Il 30 Dicembre del 2011 erano da poco cominciate le celebrazioni dello Shabat ebraico ed alcuni amici mi chiamarono per invitarmi alla cena che l’associazione LGBT di Beer Sheva, sabbiosa città del sud di Israele, organizzava ogni venerdì sera. Accettai volentieri l’invito e partecipai al primo kidush della mia vita.
Scoprii quella sera stessa che in Israele capodanno non si festeggia il primo Gennaio bensì circa nove mesi dopo. Però la notte di San Silvestro non passa inosservata neanche in Terra Santa e non sono rare le celebrazioni nei diversi locali della movida israeliana. Però era il 30 Dicembre e ancora non sapevo che cosa avrei fatto il giorno dopo e temevo che non avrei trovato nessuno che volesse festeggiare il capodanno con me. L’idea di andare da solo a Tel Aviv e buttarmi in qualche locale per poi ritornare distrutto a Beer Sheva con le prime luci dell’alba non mi allettava particolarmente, ma lo avrei fatto se non avessi trovato un’alternativa valida. Ma rimanevano poche ore e dovevo sbrigarmi.

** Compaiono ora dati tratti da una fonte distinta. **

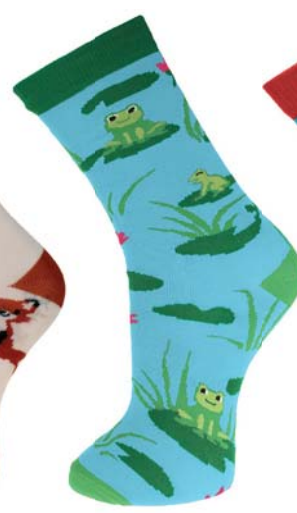
ASP2010 LAR ASP2010 MED frogs
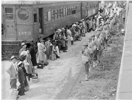
Japanese Americans from San Pedro, California, guarded by soldiers arrive at Santa Anita Race-track, a temporary detention center, in Arcadia, California, in 1942.

Definitions —a euphemism is “a mild word or expression substituted for one considered blunt and embarrassing” (Chantrell, 2002, p.186). It comes from the Greek euphemismos , from euphemizein ‘use auspicious words.’ The formative elements are eu “well” and pheme “speaking” (English usage since late 16th century) (Chantrell, 2002). In more modern times, author William Safire (1981) writes: “To some degree, euphemism is a strategic misrepresentation” (p. 82).
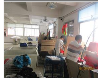
Photo of non-conformity 7.9.No heat warning sign.JPG
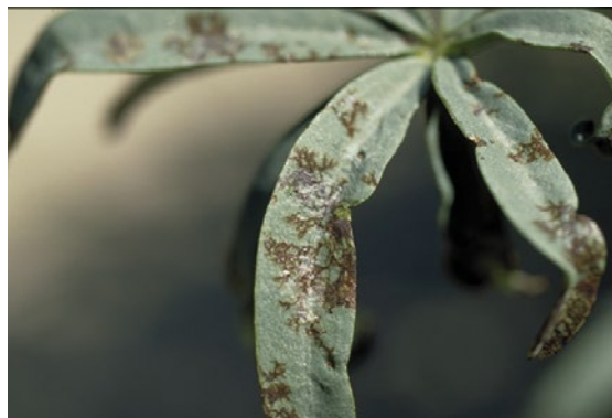
Figure 3: Brown leaf spot can be widespread but is relatively simple to control.
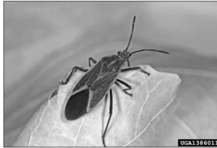
The ever present, but polite boxelder bug.

Boxelder bugs, Leptocoris trivittatus (Hemiptera: Rhopalidae) are the most
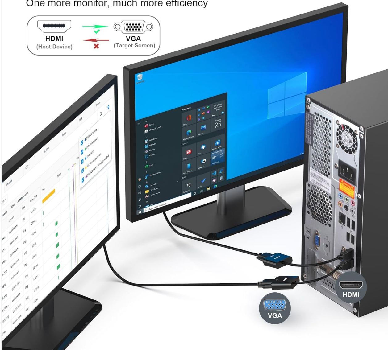
Figure 3: Example Setup for a Workstation with HDMI to VGA Adapter.
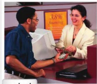
e. a bank
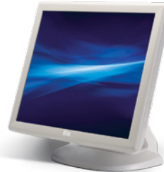
1928L – 19"
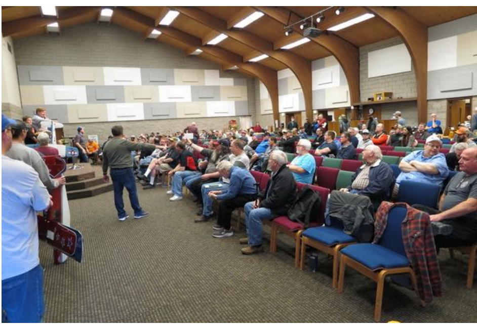
CrossPoint Church is an ideal venue for the TCRC Auction with great visuals and acoustics.
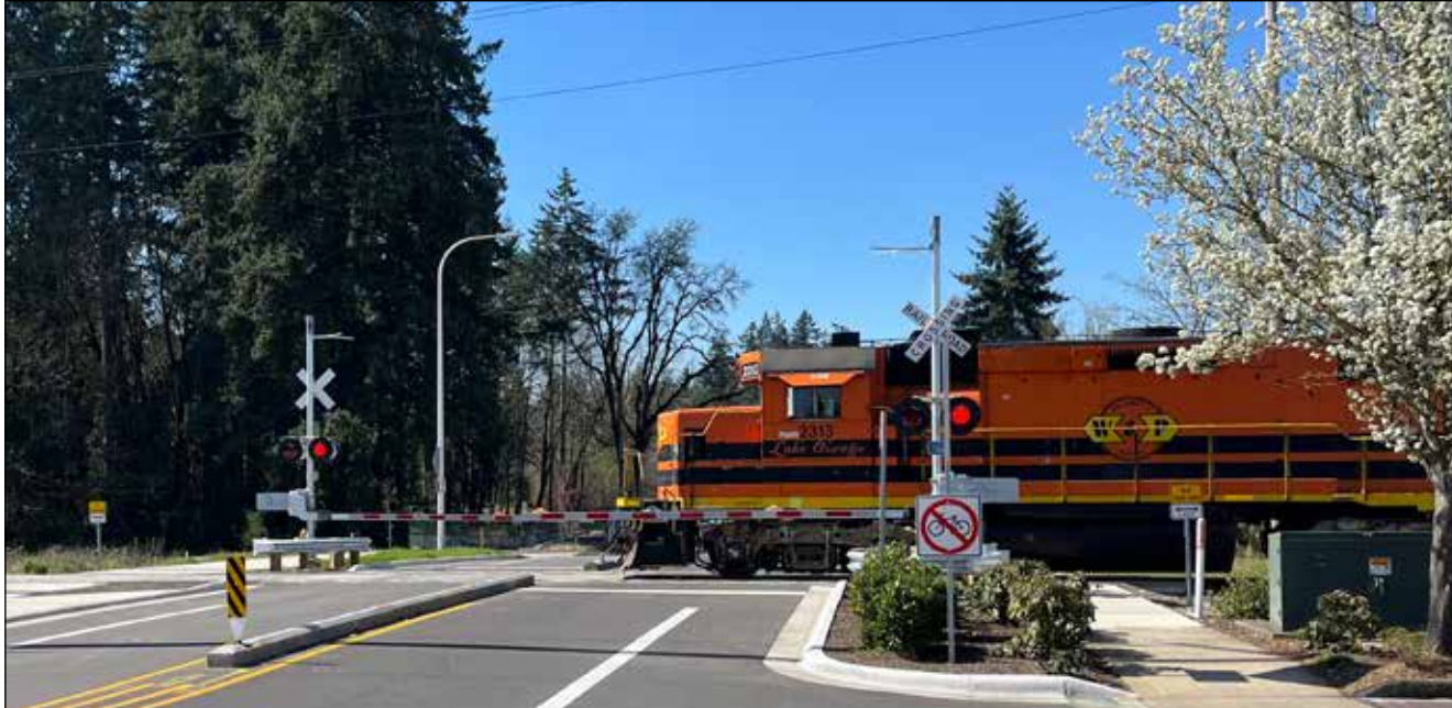
The City worked with several agencies to establish a quiet zone in Old Town. Trains traveling through the neighborhood no longer sound their horn now unless there is an immediate safety concern.
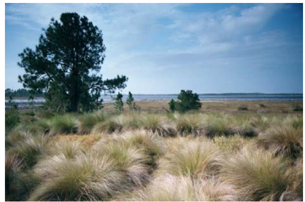
Figure 4. Crooked Lake Prairie
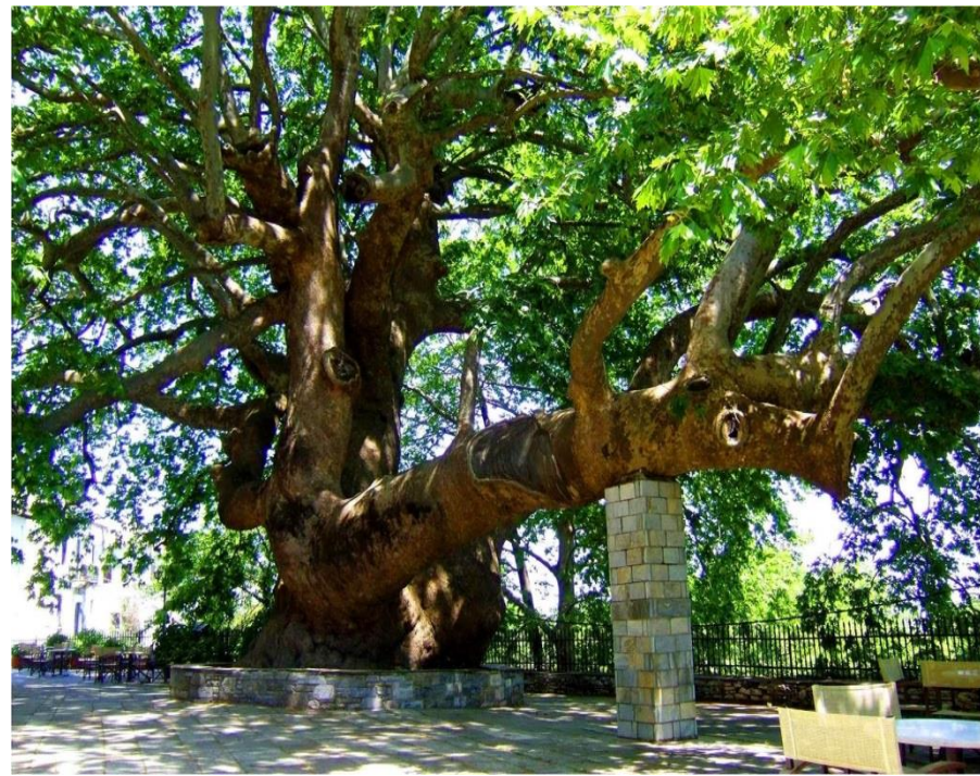
Famous 1000 years old plane tree in Tsagarada

Tsagarada is one of the oldest and most appealing villages of east Pelion (altitude 500 m). It was founded in 1500 ad in a wild chestnut forest. Set in a panoramic position in a lovely hillside area, it offers amazing views over the deep blue Aegean sea. It is harmoniously integrated in lush vegetation with magnificent mansions, traditional cobbled paths, stone-built fountains and beautiful squares.
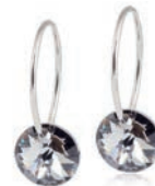
RING BLACK DIAMOND Round 8mm 14386
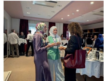
Encounters and in-depth discussions during the conference in Omiš.

RAND offers trainings in which participants learn to resolve conflicts non-violently and actively promote peace, and advocates for non-violent alternatives in politics and the church.
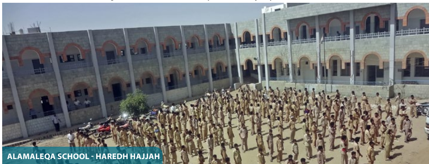
ALAMALEQA SCHOOL - HAREDH HAJJAH

A two-day consultation workshop was held in June 2013 on the development of the Ministry of Education's (MoE's) quality-education vision, policy and standards, in which all donors and MoE's various sectors. Also, training was provided to 37 participants from the MoE's Quality Education and School Accreditation General Directorate, education officers and Save the Children on children involvement in education quality vision.
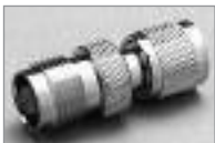
Mini-UHF (M) to TNC (F)

Dopo cena andammo ad una festa e notai un lusinghiero interesse nei confronti dell’unico straniero presente da parte di un cospicuo numero di partecipanti. Confesso che ci divertimmo davvero un sacco ma la festa stava per terminare e non avevo ancora nessun programma per il giorno successivo. Mi avvicinai dunque ad un ragazzotto di nome Tomer, anche lui membro dell’ “Arcigay” israeliana e, aiutato da diversi bicchieri di Arak, gli chiesi “senti, ma tu quanti anni hai?”. Quando mi disse che ne aveva solo ventitré gli feci notare che dieci anni di differenza mi sembravano un po’ troppi (come se ci dovessimo sposare) ma soprassedei (e lui non mi mandò a quel paese) e gli chiesi comunque se avrebbe voluto festeggiare la notte di San Silvestro al ristorante con me. Ovviamente rispose di sì (credo di averlo convinto quando ho detto “offro io”). Lasciai la scelta del ristorante a lui, in quanto indubbiamente più esperto di me sui ristoranti della capitale del Neghev. Quando mi disse che aveva prenotato da “Spaghettim” (ristorante pseudo-italiano) ero già pronto ad annullare tutto e partire per Tel Aviv, ma alla fine andai, come previsto, all’appuntamento e mangiai un copioso piatto di simil-lasagne. A quel primo appuntamento ne seguirono altri e poche settimane dopo mi portò a mangiare sushi in un pub israeliano. La serata prese un’inaspettata piega quando in sottofondo sentimmo le note di Bohemian Rapsody. Siccome appartengo a quella categoria di persone che ogni volta che sentono una canzone che gli piace non possono fare a meno di interrompere qualunque cosa si stesse facendo in quel momento per gridare al mondo “adoro questa canzone”, anche quella sera sentii la necessità di ribadire quanto amassi Freddie Mercury e soci e il loro capolavoro, seppur datato. Tomer mi rispose che non conosceva quella canzone e che sì, sapeva chi erano i Queen ma che quella canzone in particolare non la conosceva. Lo sapevo che dieci anni di differenza erano troppi.
Per mangiare in un ristorante israeliano coi fiocchi dovetti aspettare il San Silvestro dell’anno successivo. Fu ancora una cena a due, io e Tomer che continuavo a frequentare nonostante le sue gravi lacune musicali. Da allora sono cambiate molte cose: Spaghettim ha chiuso, l’ormai trentenne israeliano ed io ci siamo uniti civilmente (e legalizzatelo ‘sto matrimonio, sono stufo di dire “unito civilmente”, cribbio!) ed abbiamo “partorito” un cagnone di trenta chili.
Morale: se non sapete cosa fare a capodanno guardatevi un film!